On Friday, I joined with other civil rights leaders in a meeting with U.S. Attorney General Merrick Garland to discuss the Department of Justice’s role in addressing the spread of white supremacy across social media platforms and hate crimes tearing through Black communities across America.

Our hearts and deepest sympathies are with the families who have lost loved ones to another senseless act of racial violence. Our fury is with the white supremacists who are the perpetrators of this violence. And our anger is with the social media companies and gun merchants who have aided and abetted them and other extremists for profit and with the politicians who have recklessly encouraged them for votes.

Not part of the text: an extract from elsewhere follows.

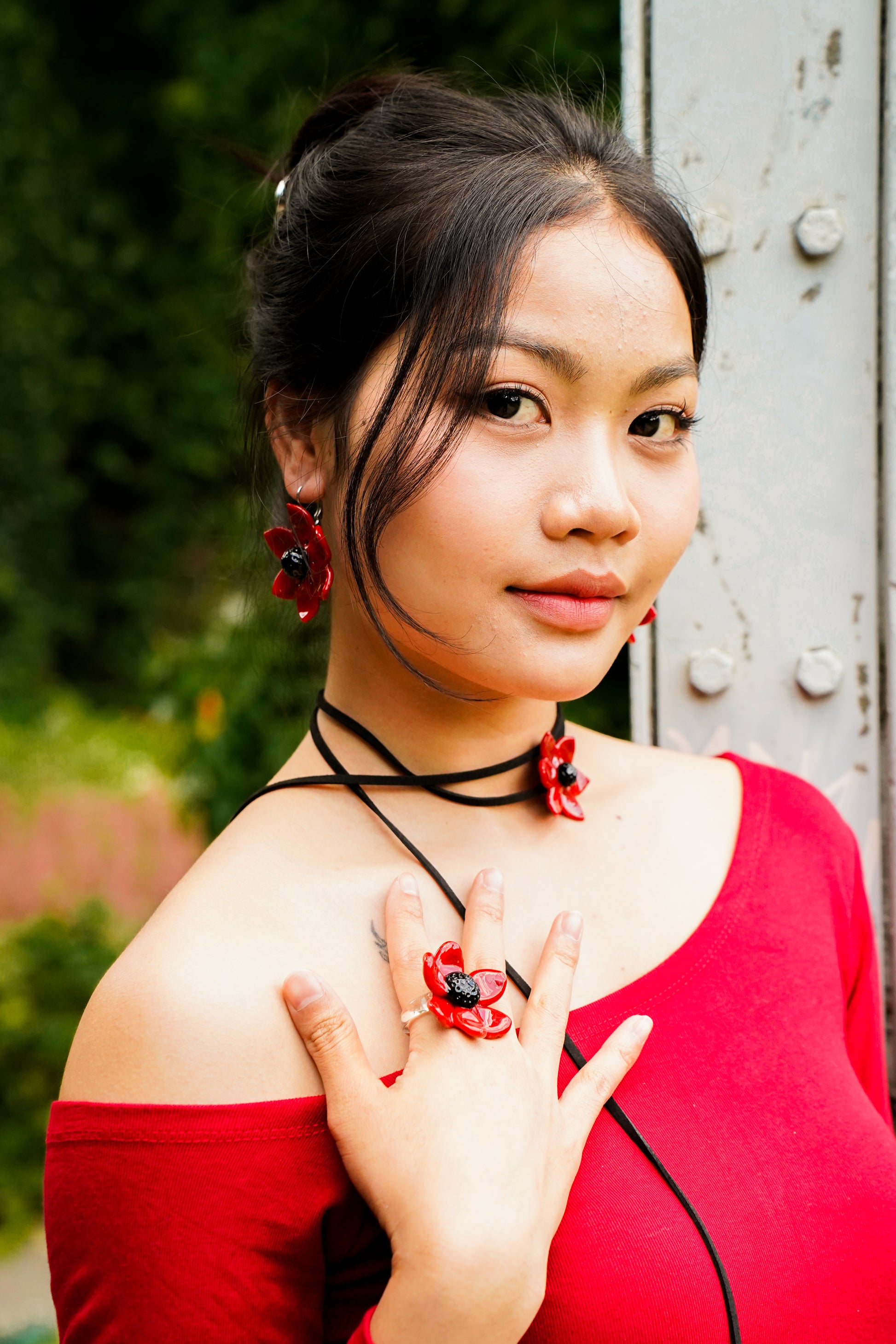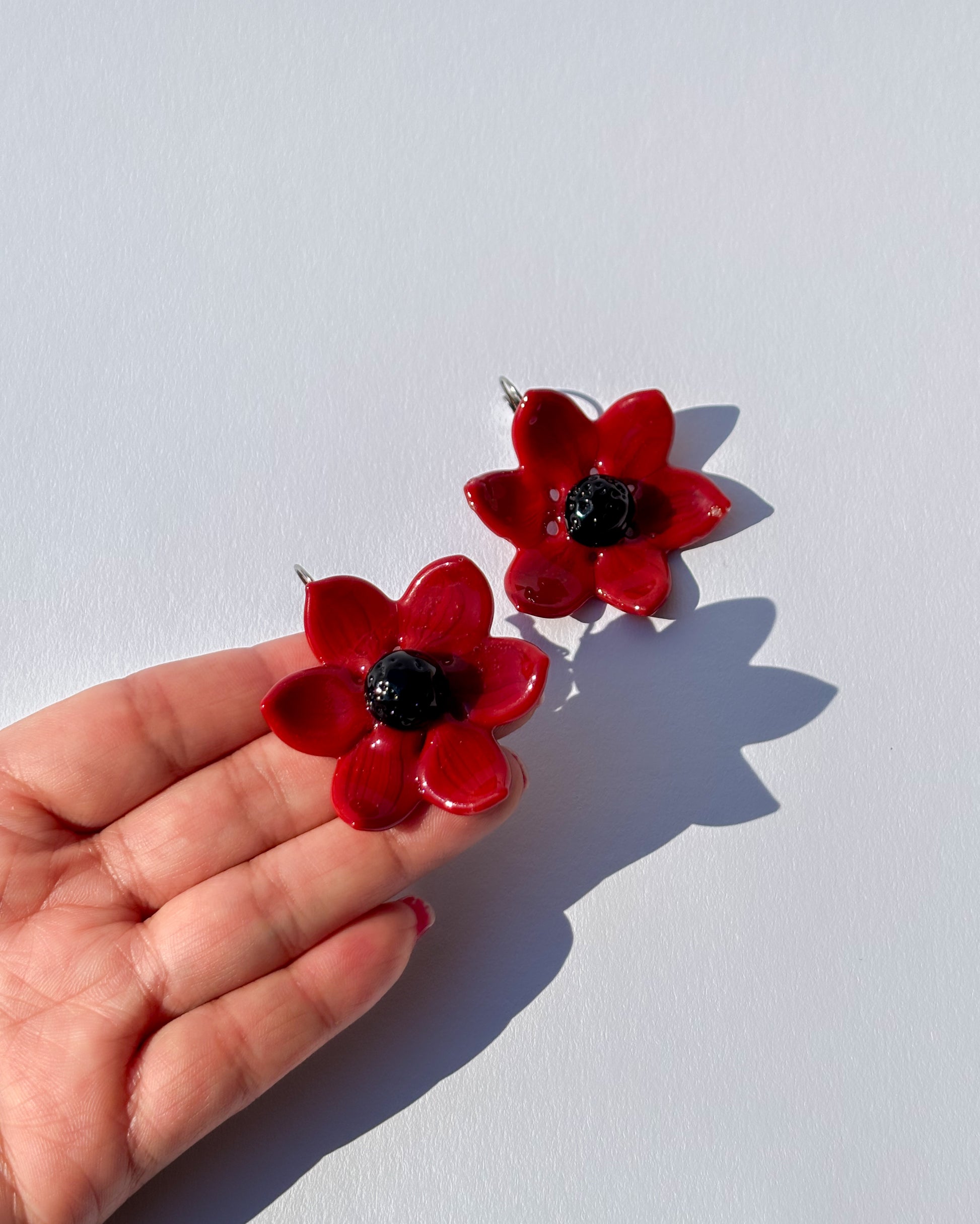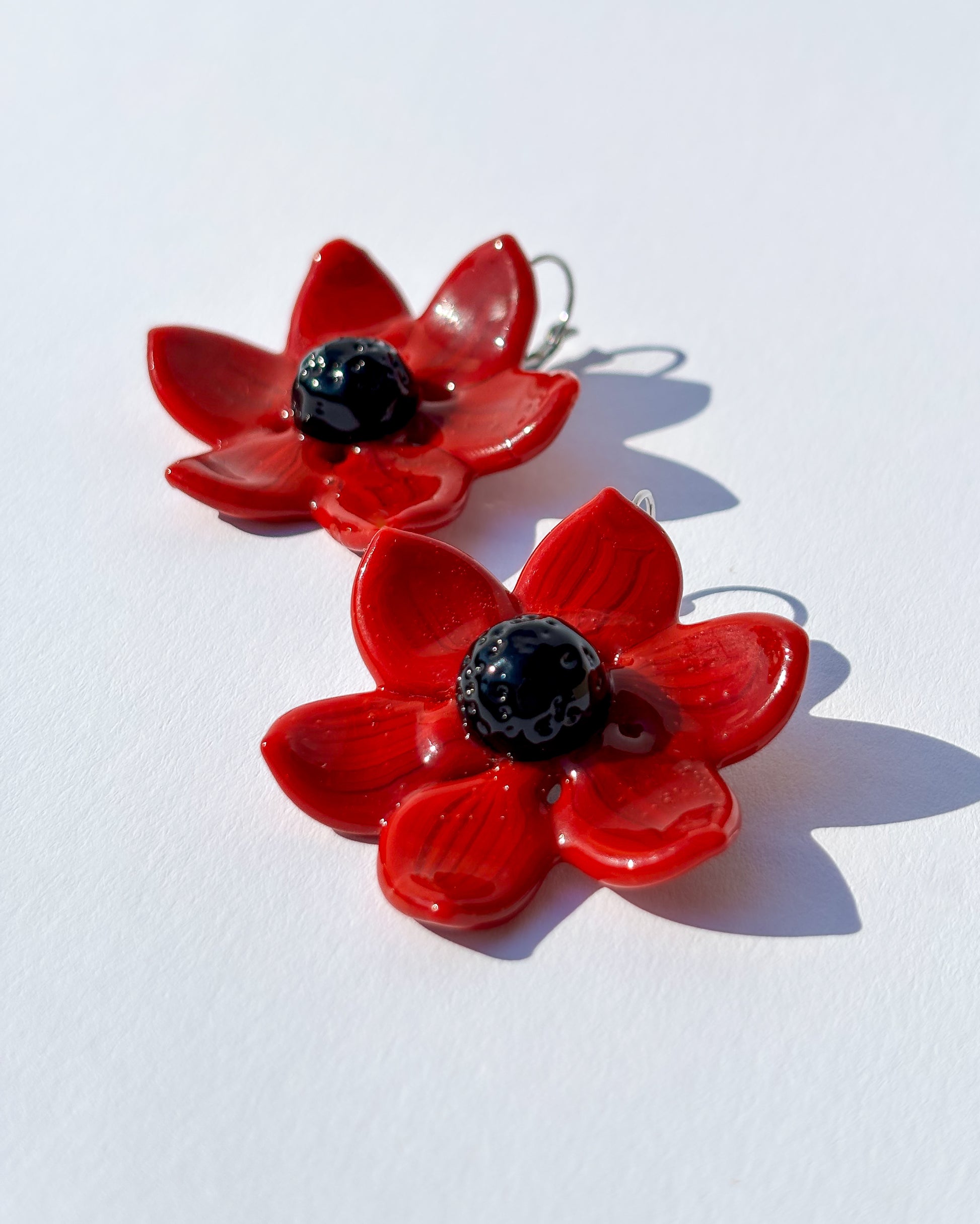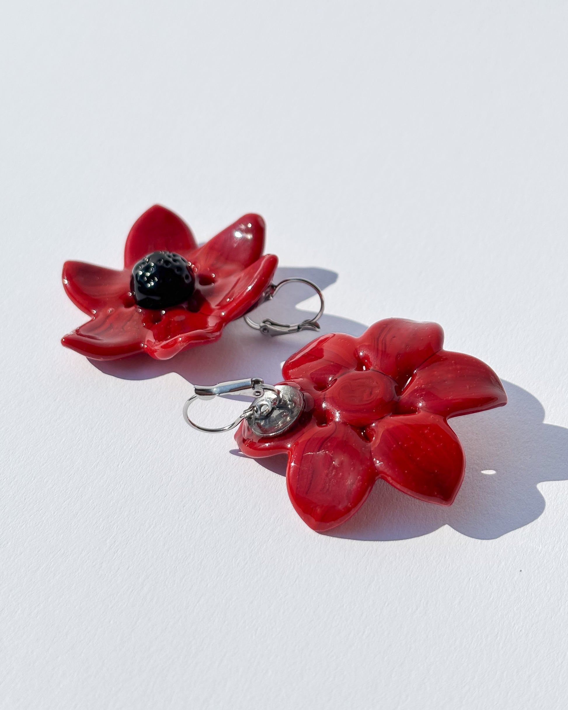 Die Scarlet Whisper Ohrringe sind ausdrucksstarke Statement-Ohrringe aus handgearbeitetem Borosilikatglas. Die leuchtend roten Glasblumen mit tiefschwarzem Zentrum wirken kraftvoll, elegant und intensiv, ein klares visuelles Statement.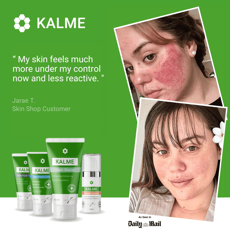One of the main issues is if you have been using any medicated or anti-bacterial products for your skin before or at the same time as using the Kalme products. Also most make up removers for normal skin can also cause sensitivity and flares in skin prone to rosacea as they contain solvents to dissolve make up, which are very irritating to skin prone to rosacea.

Our commitment now is to do something about it, beginning with calling on President Biden to hold a national summit on hate crimes to elevate the national consciousness around the rising danger of white supremacy and online extremism.


We need a whole-of-nation approach to combat and eliminate this threat to our national security and the stability of our democracy. Until we do, innocent people will continue to pay the deadly price.